Search code examples
pythonhttpscrapyscrapyd

Providing url for spider using scrapyd api


I tried something like:

payload = {"project": settings['BOT_NAME'],
             "spider": crawler_name,
             "start_urls": ["http://www.foo.com"]}
response = requests.post("http://192.168.1.41:6800/schedule.json",
                           data=payload)

And when I check the logs, I got this error code:

File "/usr/lib/pymodules/python2.7/scrapy/spider.py", line 53, in make_requests_from_url
    return Request(url, dont_filter=True)
  File "/usr/lib/pymodules/python2.7/scrapy/http/request/__init__.py", line 26, in __init__
    self._set_url(url)
  File "/usr/lib/pymodules/python2.7/scrapy/http/request/__init__.py", line 61, in _set_url
    raise ValueError('Missing scheme in request url: %s' % self._url)
exceptions.ValueError: Missing scheme in request url: h

Looks like only the first letter of "http://www.foo.com" is used as request.url, and I really have no idea why.

Update

Maybe start_urls should be a string instead of a list containing 1 element, so I also tried:

"start_urls": "http://www.foo.com"

and

"start_urls": [["http://www.foo.com"]]

only to get the same error.


Solution

  • You could modify your spider to receive a url argument and append that to start_urls on init.
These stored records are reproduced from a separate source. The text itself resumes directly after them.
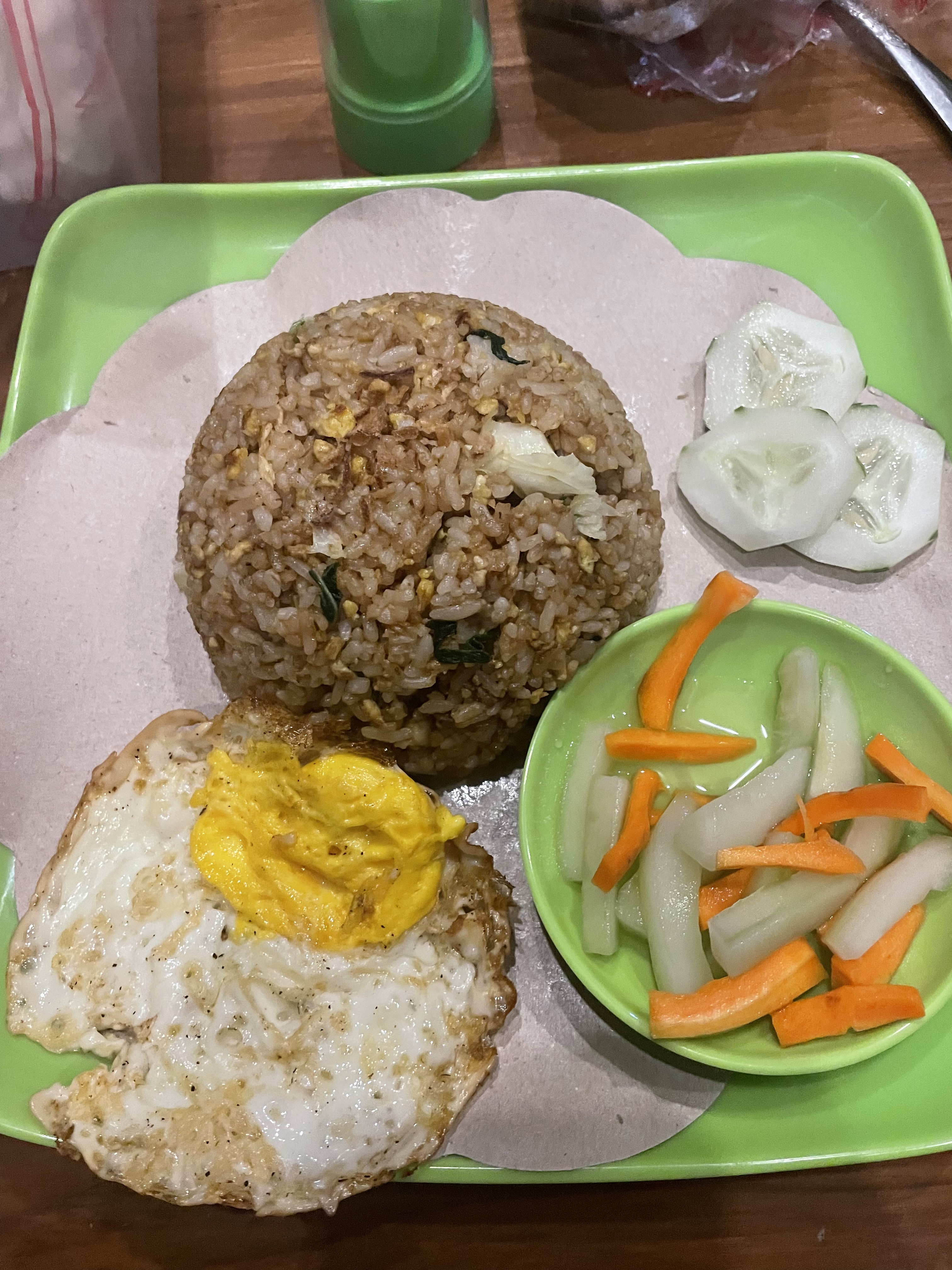 Pour manger, il y avait un petit warung un peu plus haut, sur la route principale qui proposait des nasi goreng et d’autres plats locaux excellents. Il s’agit du Warung Bu Susiati. Pour trois fois rien, nous avons pu nous régaler et les personnes étaient d’une gentillesse incroyable.
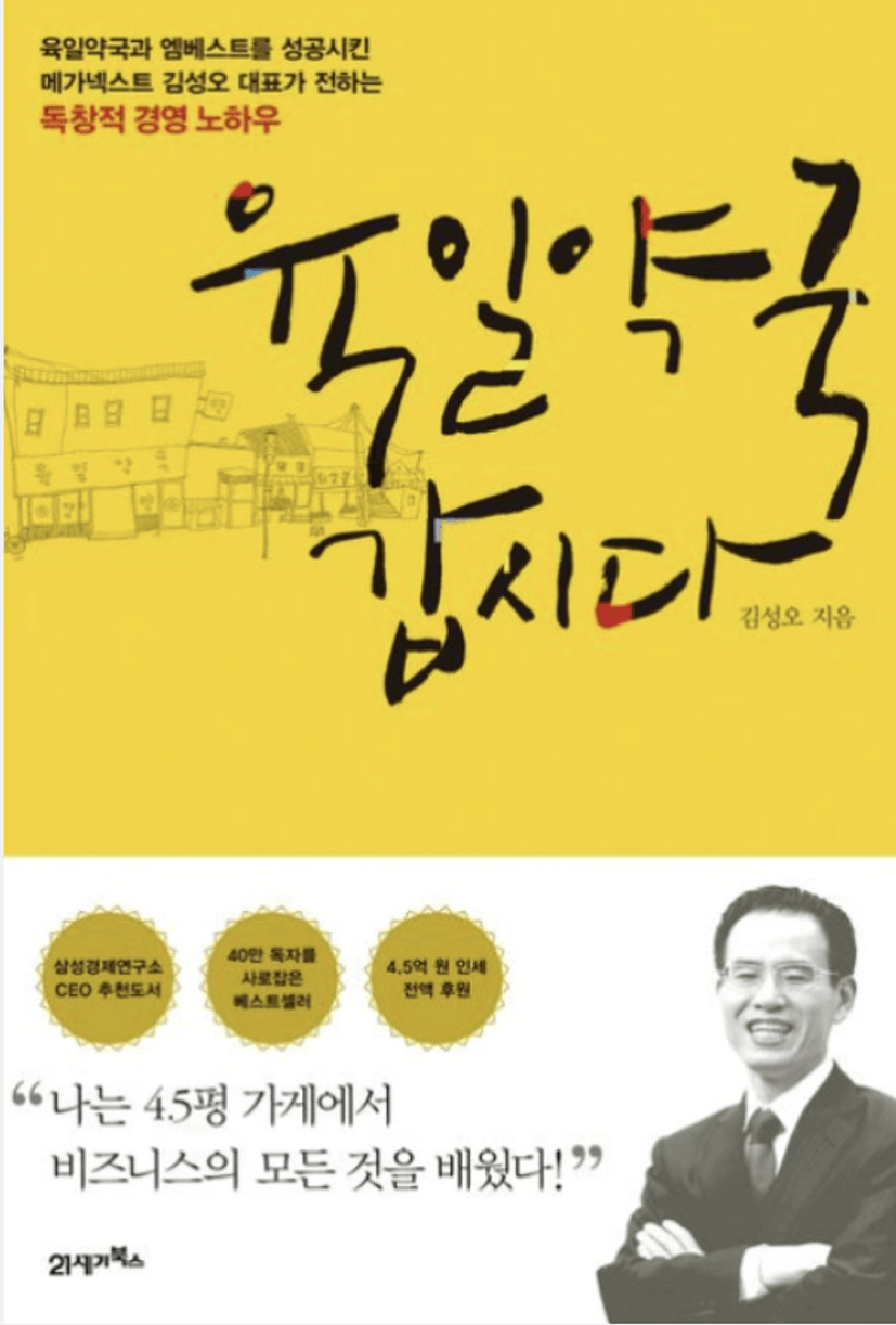 작가도 ‘육일약국 갑시다’라는 말을 처음 할 때는 망설임이 많았다고 한다. 하지만 한번 시도하고 반복하며 결국 생각했던대로 4.5평의 약국을 랜드마크로 만들어 버렸다. 시작과 반복된 시도로 목표를 이루었고 그 목표는 성공이 아니라 성공의 기반이 되었다. 작은 시도로 큰 성과가 생기지 않을 수 있지만 성공을 위한 분명한 한걸음이 될 수 있다고 생각된다.
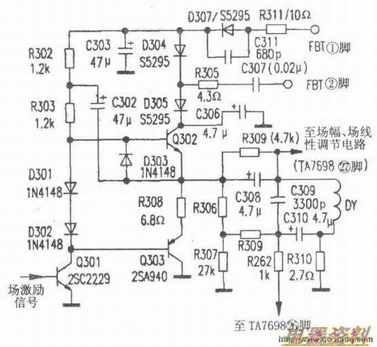 导致场锯齿波线性不良。例如在下图典型的OTL分立元件场输出电路中,C310为交流负反馈。它失容或不良将会使光栅上方压缩,且场幅不足。图1中R308为直流负反馈,改变R306、R307的阻值比,可改变负反馈量大小。若R308开路或阻值变大,将会使场线性变坏,并出现场幅过大故障。R309为场正反馈线性补偿,以保证场扫描线性良好。当它阻值过大或开路后,会使场线性变差。
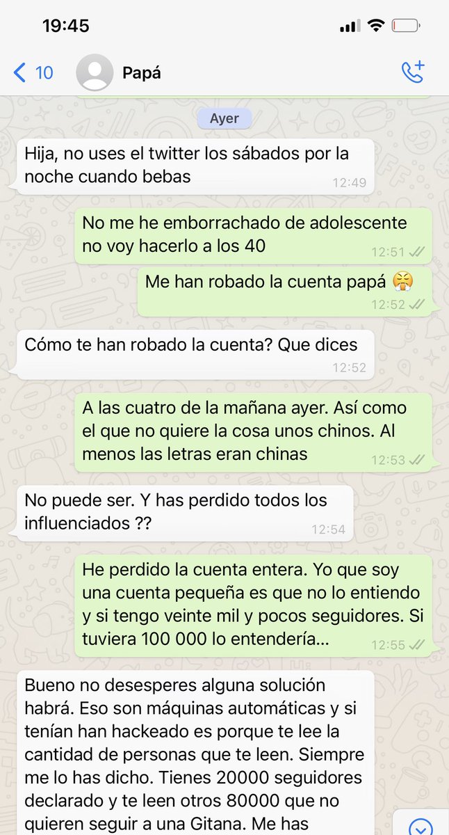 Tengo muchas, muchísimas conversaciones privadas. Algunas con contenido delicado, de personas que me piden ayuda para resolver problemas con alumnado gitano. O de mujeres que me piden opinión sobre temas culturales. Si esas conversaciones salían a la luz me daba algo. No las
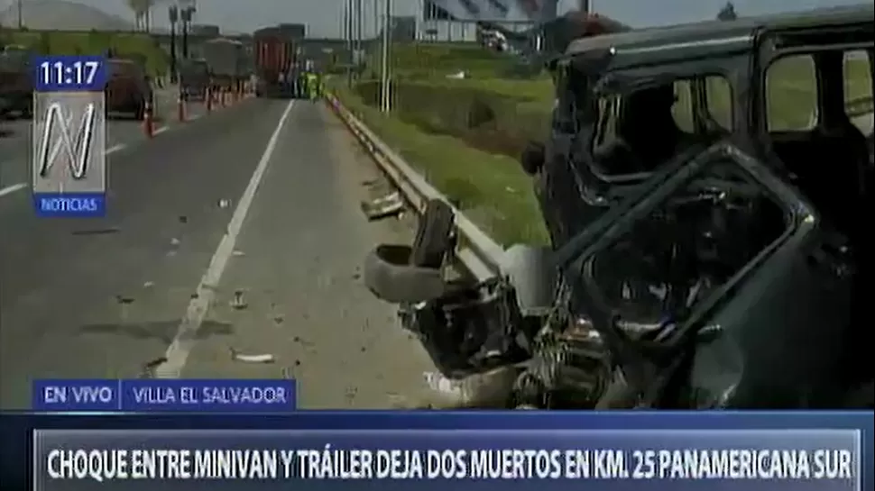 Un accidente se registró a la altura del kilómetro 25 de la carretera Panamericana Sur, en Villa El Salvador. Según se informó, se produjo un choque entre una minivan y un tráiler, que cobró la vida de dos personas.
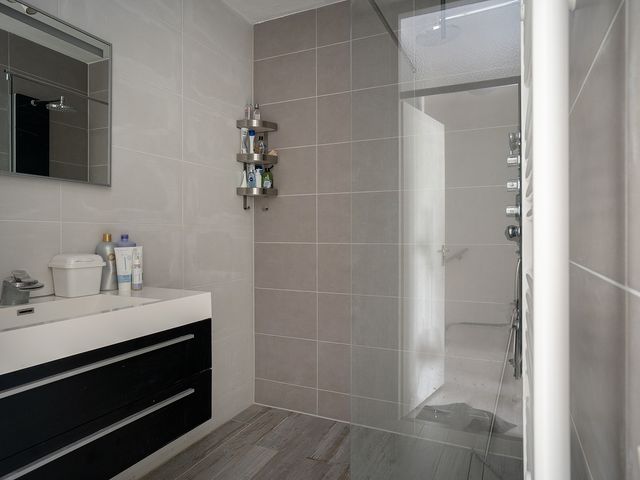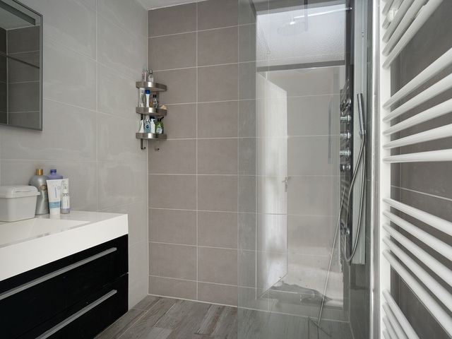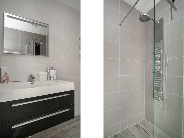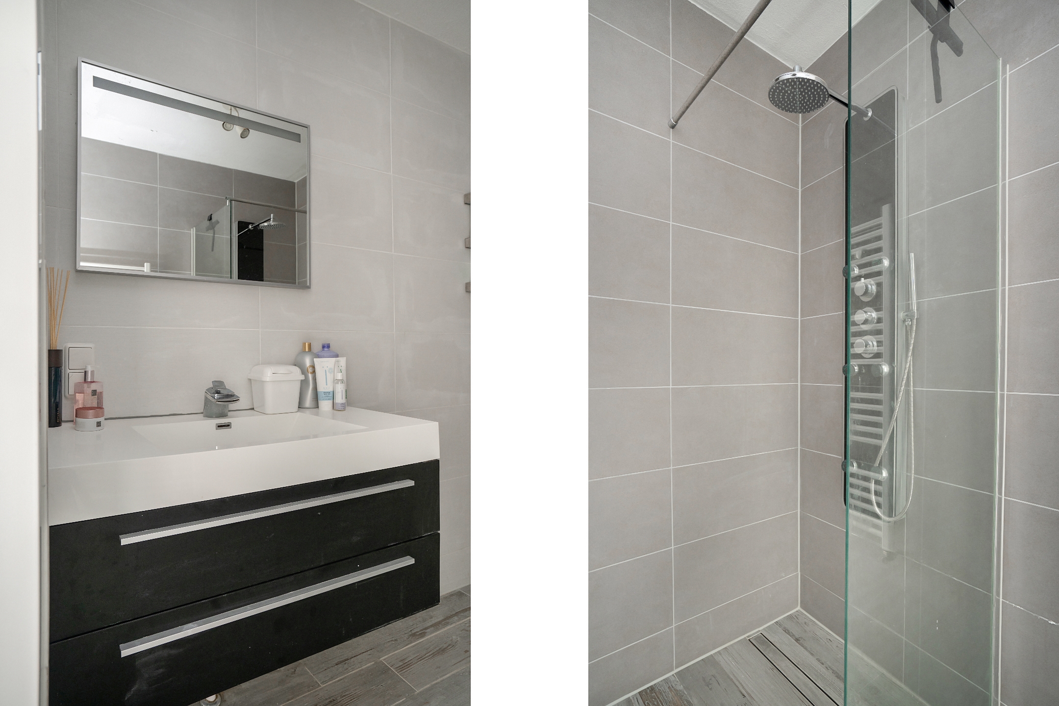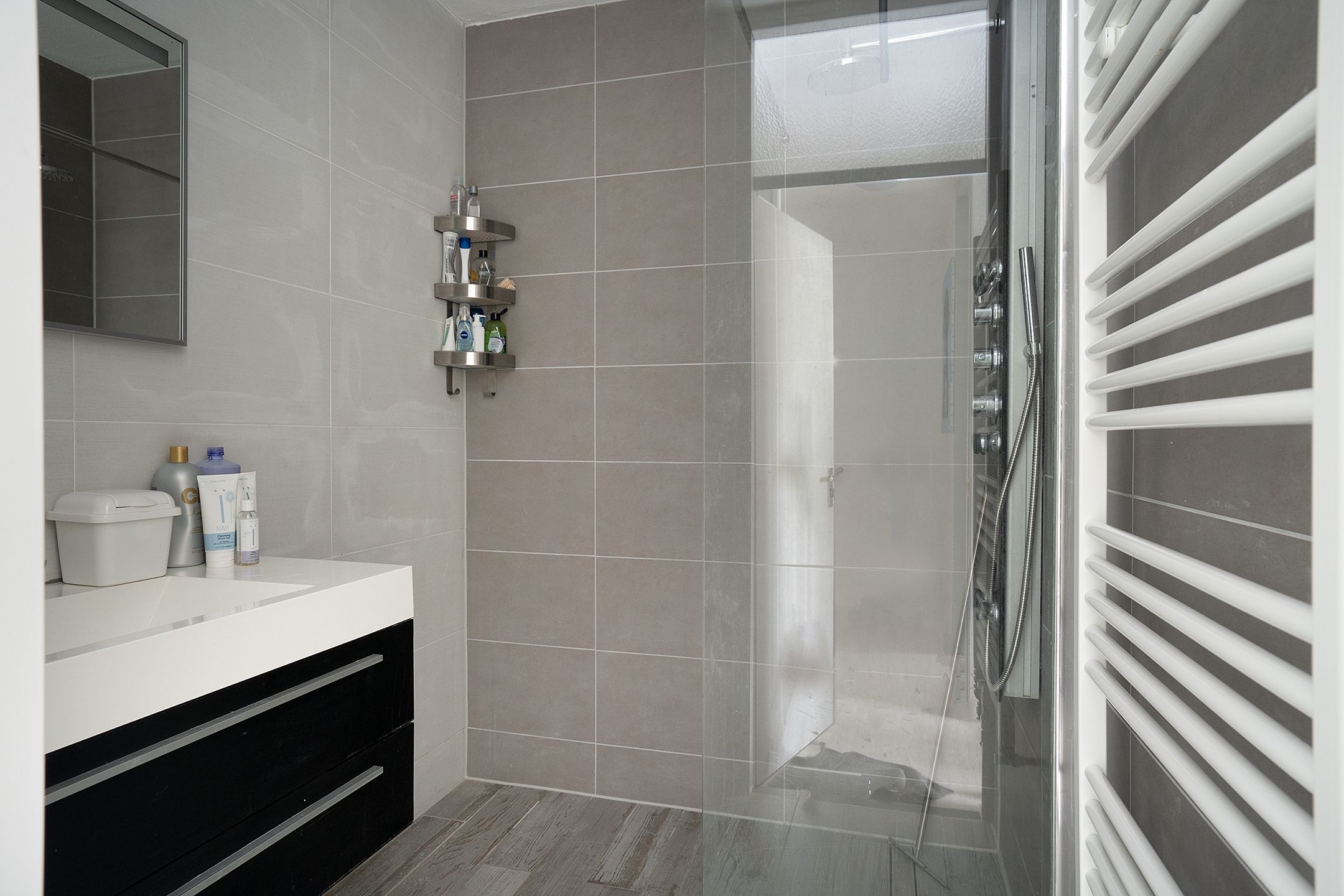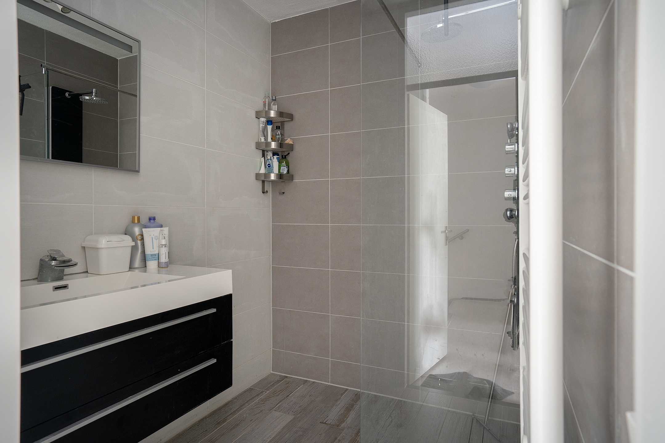 De badkamer is geheel betegeld en is voorzien van een inloopdouche met een douchepaneel met massage functie, een regendouche en een wastafel in een badkamermeubel.
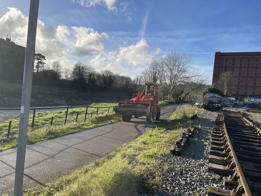 2 – Reconnect ‘the gap’ where the wall collapse in 2020 severed the line (the civil engineering has been done by contractors but the rails and sleepers have not yet gone back in).
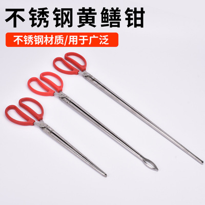 厂家批发新款泥鳅夹子带齿螃蟹钳蛇夹小龙虾不锈钢黄鳝夹黄鳝钳子
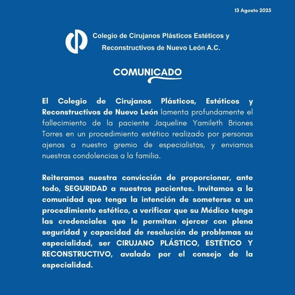 El Colegio de Cirujanos Plásticos, Estéticos y Reconstructivos de Nuevo León (CCPERNL) lamentó el fallecimiento de Jaqueline Yamileth Briones Torres, una joven de 25 años que murió tras someterse a una cirugía estética en Monterrey. El organismo desconoció al médico que la operó, señalando que no forma parte del gremio de especialistas certificados.
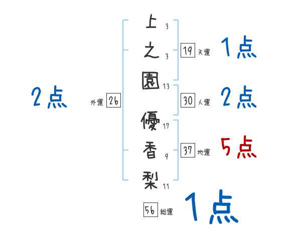 外運![]() | 上之園優香梨さんの外運は26画の2つ星!波瀾万丈かも。信頼できる人を大事にしましょう。 生活面を象徴する運勢です。外部から受ける影響力を表し、結婚運、家庭運や職場、環境への順応性を表します。 |
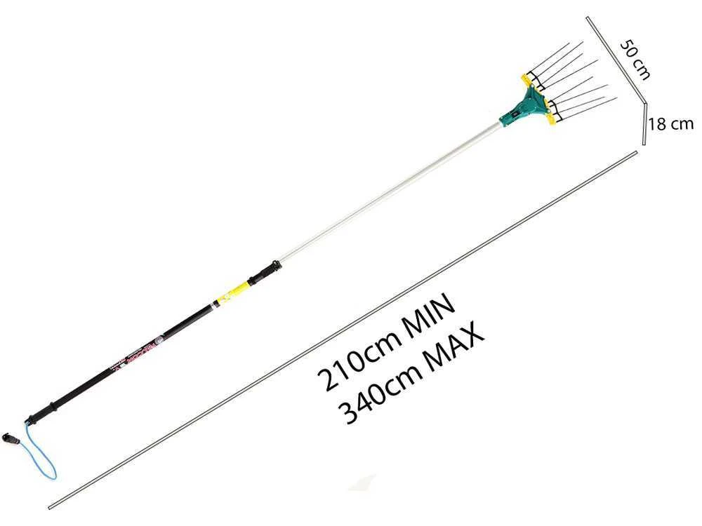 La perche est réglable sur n’importe quelle position entre la longueur de 210 à 340 cm (en référence à la longueur totale du peigne vibreur)
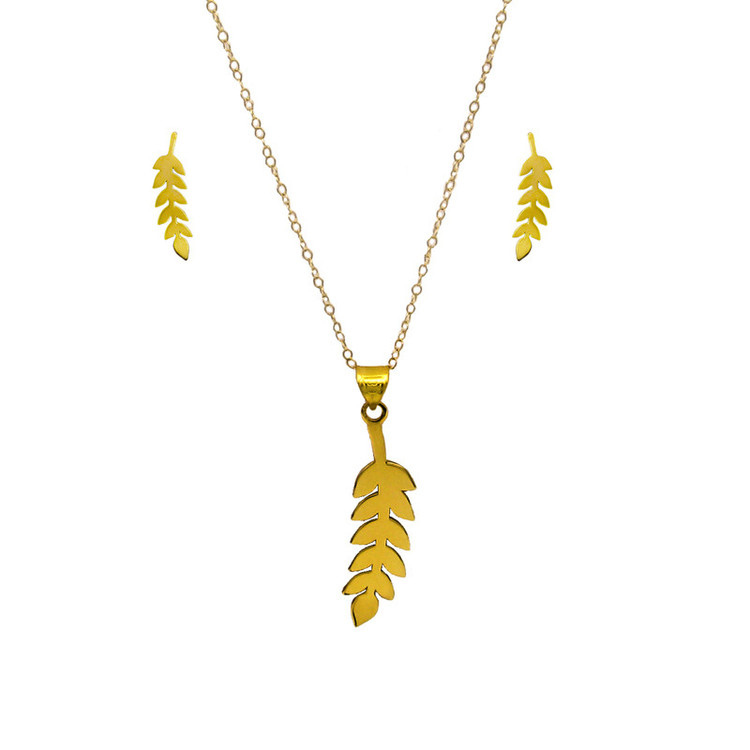 نیم ست طلا 18 عیار زنانه قیراط98 مدل برگ زیتون کد KS006
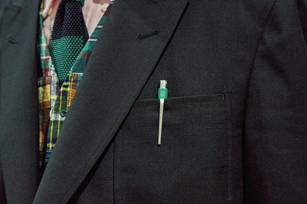 「ジャケットの胸ポケットにチーフを挿すのは紳士のマナーですが、それはあくまでイタリア流。アイビーを信条とする私はカランダッシュのボールペンをポケットに挿して粋に」
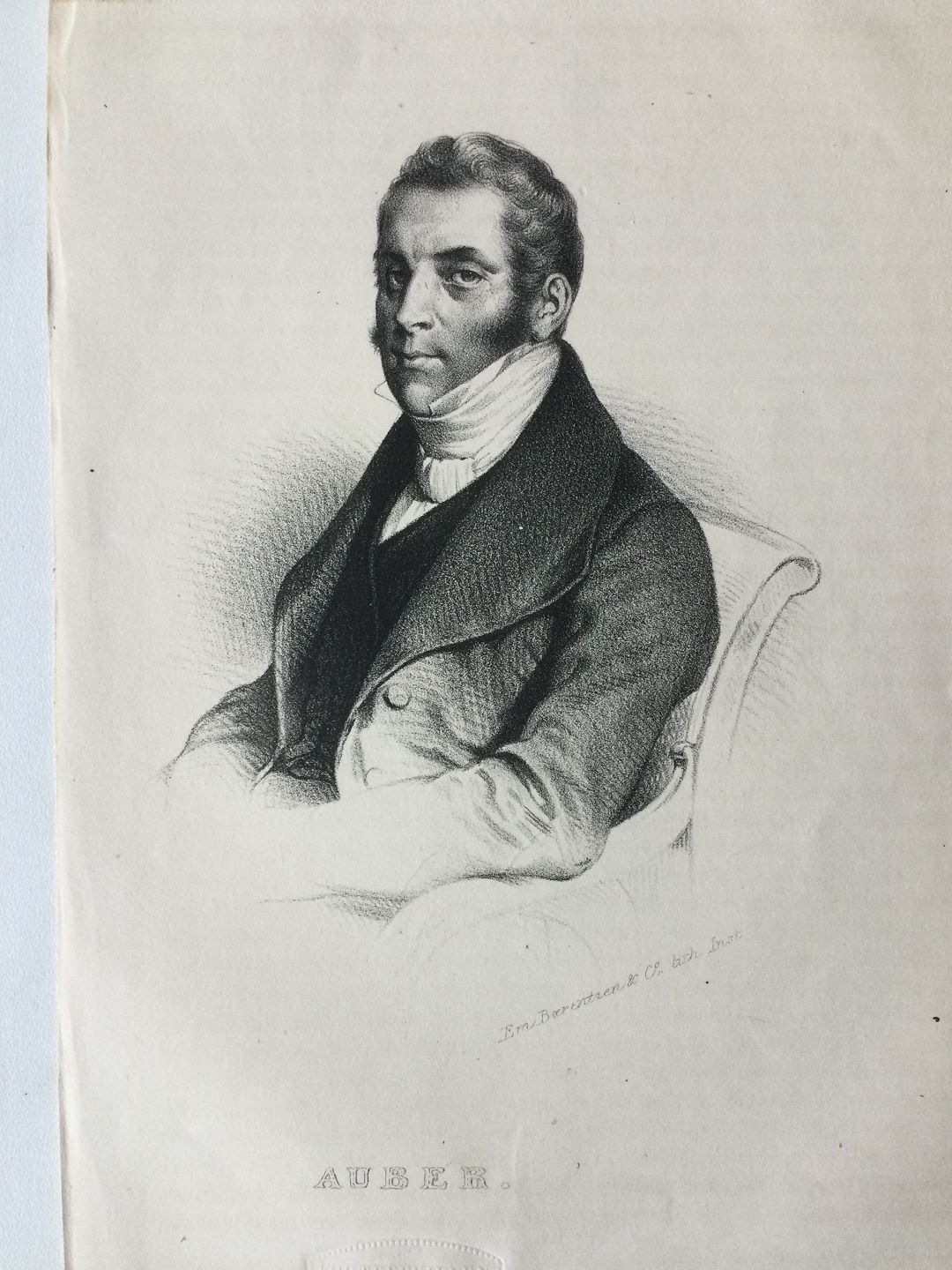 Litografi af Em. Bærentzen - Portræt af den franske komponist Daniel-Francois-Esprit Auber.

    class MySpider(Spider):
    
        start_urls = []
    
        def __init__(self, *args, **kwargs):
            super(MySpider, self).__init__(*args, **kwargs)
            self.start_urls.append(kwargs.get('url'))
    
        def parse(self, response):
            # do stuff
    

    Your payload will now be:

    payload = {
        "project": settings['BOT_NAME'],
        "spider": crawler_name,
        "url": "http://www.foo.com"
    }